On February 17, President Obama signed a controversial and massive $787 billion economic stimulus package into law, and hailed the action as a stepping stone towards turning the economy around, as it will lower taxes, incentivize home buying and, according to the Administration, create or save millions of jobs.
Another key part of the stimulus revolves around the automotive industry: anyone who buys a new vehicle in 2009 will be allowed to deduct the sales tax paid on the vehicle from their taxable income. In a typical scenario laid out by USA Today (see the previous link), an “average” car purchase would reduce an individual’s taxable income by roughly $700 according to a tax estimator.
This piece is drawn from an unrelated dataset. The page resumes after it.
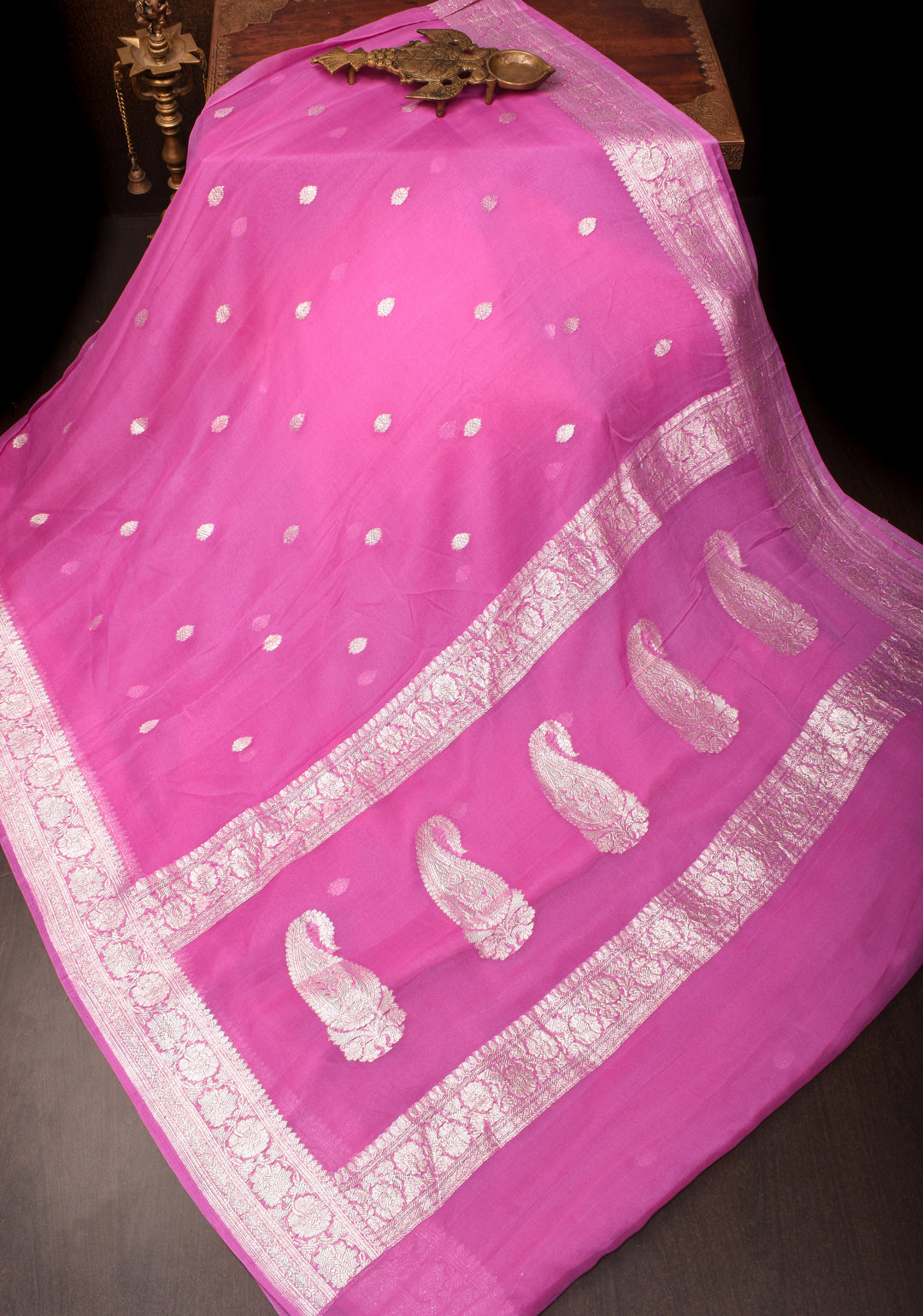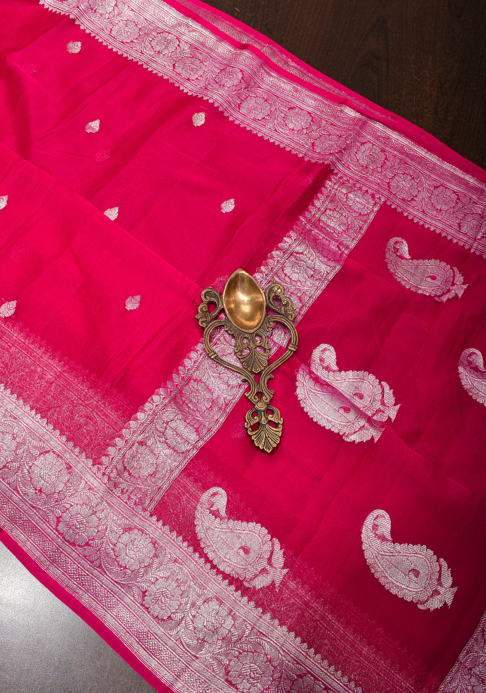 • Banarasi silk has different varieties like Katan, Organza, and Georgette Banarasi, each with a unique drape and texture.

Not exactly a ton, but in today’s economy, every little bit helps, right? Well, apparently it does, just not enough to spur car buying.
According to a recent poll, the provisions in the recently passed stimulus bill will not be enough to get most Americans to go out and purchase a new vehicle in 2009.
When asked, “Will the tax breaks included in the stimulus package be enough to get you to purchase a new vehicle in 2009?” roughly two-thirds of the nearly 200 respondents stated the tax breaks would not be enough. Here’s the breakdown:
- 67% said, “No, I still won’t be buying a new car in 2009.”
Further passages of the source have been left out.